Some things are just hard for me to grasp.  I can't believe it's only been a week.  Seems like so much time has passed.  Maybe it's because I've been so busy.  There is so much to think about and do.  Friends have kept me going and I finally got back out into the ministry yesterday.  Planning Walt's memorial has kept me busy also.  I don't know how people have a funeral right away.  We have so many who want to come and we wanted to give everyone the opportunity to put it in their schedules. Friends are planning a gathering after. Guess this is where I should tell everyone the particulars.
Walter Leonard Niemi II
August 18, 1940 - November 5, 2013
Safe In Jehovah's Memory
Service held at the Kingdom Hall of Jehovah's Witnesses
2558 Fargo Street
Klamath Falls, Oregon
Saturday November 23, 2013 at 1 pm
Gathering of friends to follow

Perhaps this will be when I finally "get it".  I don't know.  I can't seem to wrap my mind around the reality.  I know "realistically", but this all seems so temporary.  It's not the big things, it's the small everyday happenings that make me feel like I'm just waiting for my life to get back to normal.  It's like Walt has just gone fishing or camping for a couple of days.  It's nice to have alone time and not have to do the normal, but it will all get back to the day-to-day when he gets home.  They say that the first stage of grief is denial. Oh man, I never wanted to be "what they say".   

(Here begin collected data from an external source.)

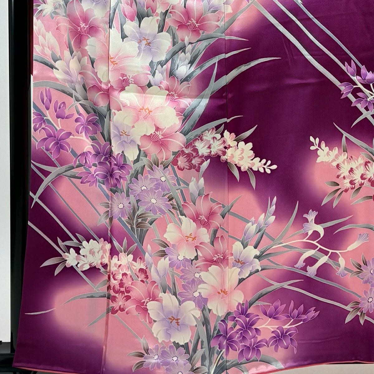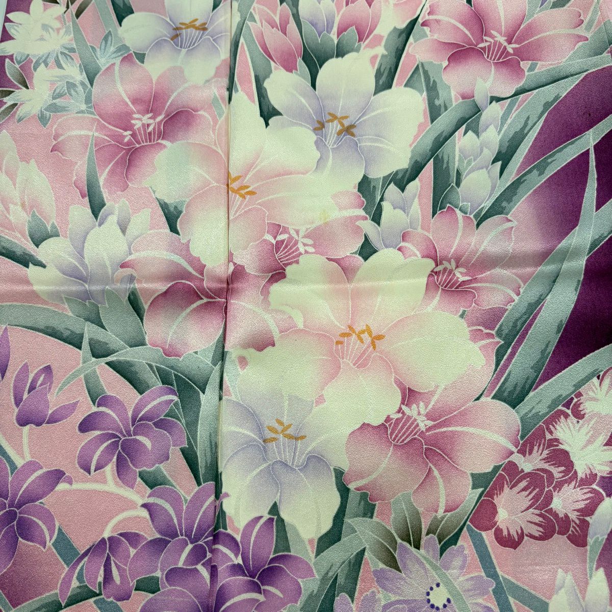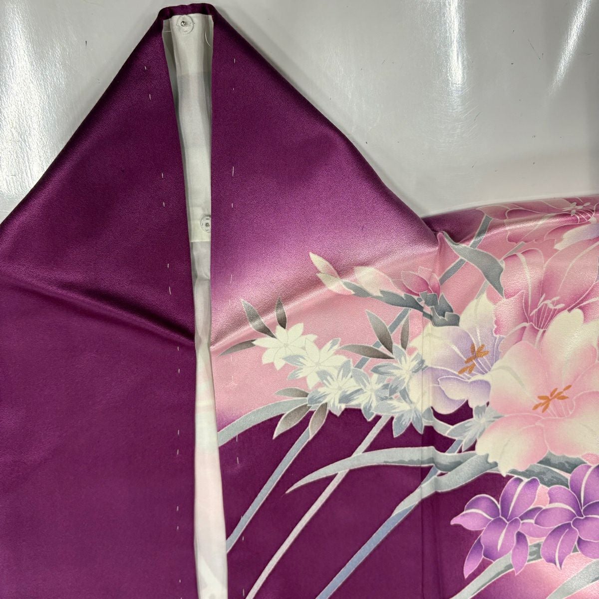 70%OFF 付下げ 身丈169.5cm 裄丈65.5cm M 袷 椿 葉柄 絞り ぼかし 灰紫 正絹 秀品 K70
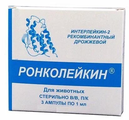 Лекарственный препарат для кошек и собак БИОТЕХ Ронколейкин 100 000 МЕ ампула 1мл (размер: 0.016)
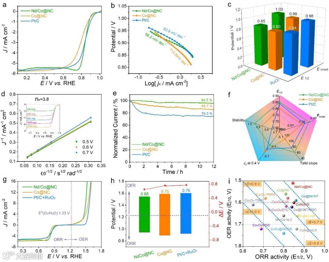 对于ORR过程,在Co@NC表面引入Nd原子大大降低了其决速步从*OOH到*O的跃迁过程中相应的能垒,有效地推动结合能接近最佳ORR活度,从而使Nd/Co@NC表现出极佳的ORR性能。相较于Co@NC样品,Nd诱导Co位点电子重排后的Nd/Co@NC催化剂具有更高的起始电位(1.03 V)和半波电位(0.85 V),甚至优于商业化Pt/C (0.98 和 0.84 V)。同时,它对于ORR还具有更快的反应动力学和电化学稳定性。
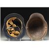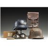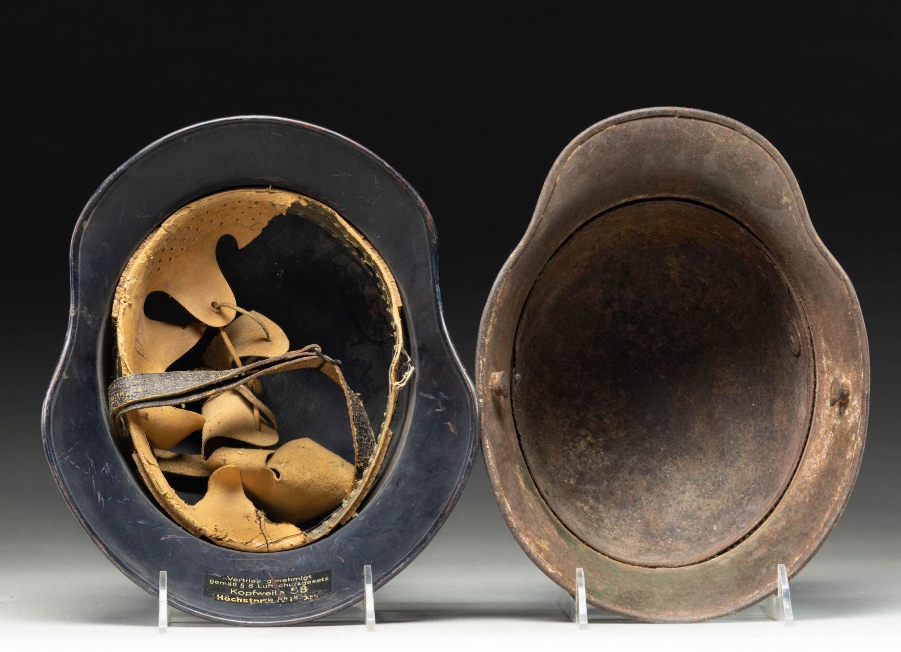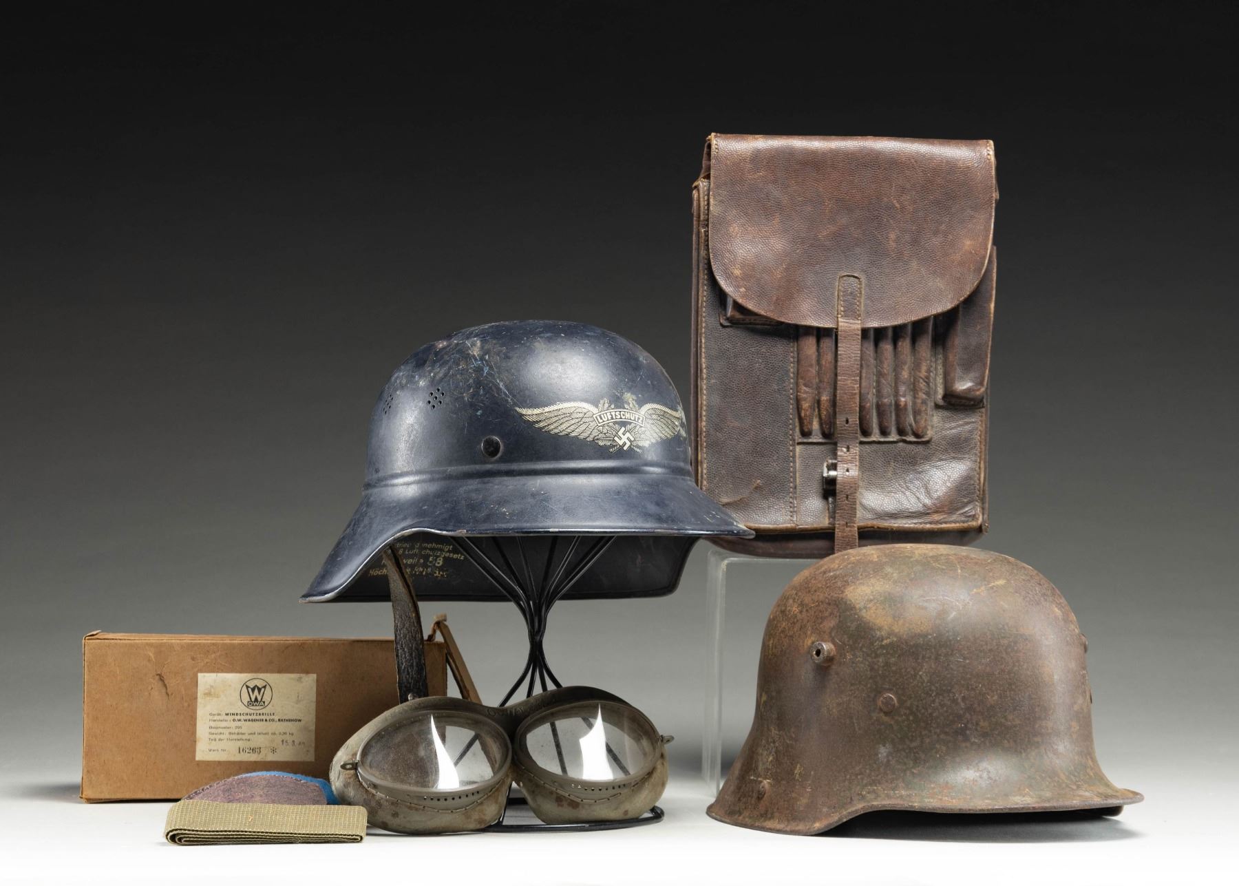 1) WWI German M1916/17 helmet with a field gray / green painted finish. The interior band is intact but there is no liner or chinstrap. CONDITION: helmet has an oxidized finish inside and out. 2) WWII German Luftschutz gladiator style helmet with a dark blue painted finish and a large Luftschutz decal on the front. The interior rear visor has a large white maker's decal. Leather chinstrap and liner. CONDITION: Helmet appears to have lost some paint, but has been repainted in these spots. Decal is 99%. Chinstrap is detached on one side and liner is in poor condition. 3) A leather WWII German map case measuring about 11" x 8" with a strap & buckle front. CONDITION: Light to moderate wear overall. 4) A pair of WWII German wind goggles in their original labeled box that includes a strap and spare lenses. The box is labeled " W OWA WINDSCHUTZBRILLE O.W. WAGENER & Co. RATHENOW. CONDITION: Box is worn with one end nearly detached. Goggles seem complete and solid. (02-25772/BF). NON-GUN. $300-500.

So, I will continue to plan and get the house ready for lots of company and keep myself busy.  I start my new job tomorrow.  I am cooking 2 days a week for my brother at his restaurant.  This will keep me busy and supplement my income just enough to let me stay where I am for now and not have to make any big decisions right away.  I love my house, big as it is, and don't want to think about where I would go with my 3 cats and 4 chickens.  
I know there are many who would like to be here for the memorial, but circumstances just don't allow.  Please know that I feel the love and caring from afar.